By Brigitte L. Nacos
Since Saudi Arabia brokered a meeting between Afghan officials and former Taliban leaders in Mecca several weeks ago, Afghan president Hamid Karzai has intensified his efforts to meet with Taliban leader Mullah Mohammad Omar for peace talks. Even though the U.S. government has placed a $25 million bounty on Omar’s head, Karzai guaranteed Omar’s safe passage to and from Kabul in case of actual negotiations. Never mind the position of the outgoing Bush administration on bi-lateral or multilateral talks with the Taliban. The incoming Obama administration should leave no doubt that the U.S. will not talk to Taliban representatives and is not in favor of Hamid Karzai doing so. Negotiations should be tried in almost all cases of international and domestic conflicts regardless whether nation states, non-state organizations, or both are involved. It would be a waste of time to negotiate with extremist Jihadi movements of the Taliban or Al Qaeda variety because they would not change their religopolitical agendas one iota but in the process win a degree of legitimacy.
The close ties between the Taliban and Al Qaeda and between Mullah Omar and Osama bin Laden are no coincidence. Both leaders and both movements are the most extreme manifestations of Salafism. Afghanistan under the oppressive rule of the Taliban movement reflected what the Salafi school of thought envisions as societal ideal. To be sure, most Salafis do not resort to or support violence. But jihadi movements and groups do.And their religopolitical fanatism does not leave room for negotiated compromise. That's precisely what Sayyid Qutb, the influential jihadi theorist, prescribed in his guidelines for a jihadi vanguard.

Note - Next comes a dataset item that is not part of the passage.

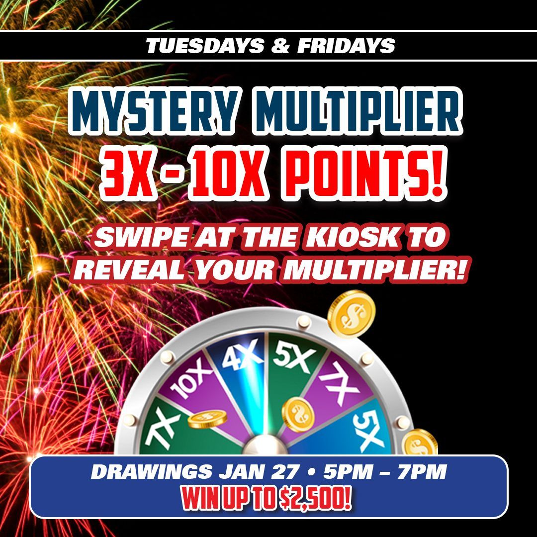 Up to 10x Points Every Tuesday & Friday! Swipe at the Promo Kiosk To reveal your multiplier for the day!

The late Egyptian Sayyid Qutb, perhaps the last of the influential lay theorist in the jihadi movement, is the leading teacher of contemporary jihadis. The turning point in Qutb’s life was his 2-year stay in the United States in the late 1940s, during which he began his metamorphosis from admirer of America and the West to Jihadi revolutionary. Rejecting what he perceived moral decadence and materialism of Western societies, he joined the Muslim Brotherhood upon his return to Egypt, rose to the organizations ideologue, and eventually clashed with the government. Allegedly involved in a plot to assassinate Egyptian president Gamal Abdel Nasser, Qutb was imprisoned and tortured but eventually allowed to write. In his most influential work “Milestones,” a manifesto of revolutionary religopolitical Islam, Qutb declared that both Marxism and the West’s democracy and capitalism had failed, that the world was not only threatened by nuclear annihilation but by a loss of moral values. It was for Islam and Muslims to bring the world back on the right paths but only after their own self-purification. For Qutb, the world consists of two camps, (1) Islam and (2) jihiliyya, the part characterized by barbarism, decadence, and unbelief—a state that existed in the world before the Prophet Muhammad delivered his divine message. According to Qutb, the choice is between those two camps—between the good and the evil, God and Satan. Because more people, Muslims included, are on the side of jihiliyya, every Muslim must take up arms in this fight.
Since these ideas are guiding today's Jjhadi movements—and what Qutb believed would be a vanguard, there is no reason to believe that anything would be achieved by negotiating with the Taliban (or, for that matter, with Al Qaeda). The Taliban was during its rule in Afghanistan and is now as insurgent force involved in both the jihad for self-purification (i.e., targeting infidel Afghans) and fighting the non-Muslim infidels (i.e., U.S. and other NATO military forces). The same is true for Al Qaeda in the same and in other regions.
P.S. If you have any doubt about the religopolitical purification that Taliban leaders and followers have in mind, read the following paragraph from a dispatch on the New York Times web site:
"The police in Kandahar have arrested 10 Taliban militants they said were involved in an attack earlier this month on a group of Afghan schoolgirls whose faces were doused with acid, officials in Kandahar said Tuesday. The officials said that the militants, who were Afghan citizens, had confessed to their involvement in the attack on the schoolgirls and their teachers on Nov. 12 and that a high-ranking member of the Taliban had paid the militants 100,000 Pakistani rupees for each of the girls they managed to burn."
Obviously, girls going to school is "decadent"enough for the Taliban to harm them.
Now that Obama is president, I hope our nation can unify and focus on the real enemy. During the current administration, many Americans somehow deluded themselves into thinking that President Bush caused problems that were, in fact, inherent in the difficult challenges facing our nation. Those challenges won't get easier with President Obama. I hope the people who blamed President Bush and misled others on the nature of the war did so cynically and will now reorient themselves to support their favored Commander in Chief in charge of the same war.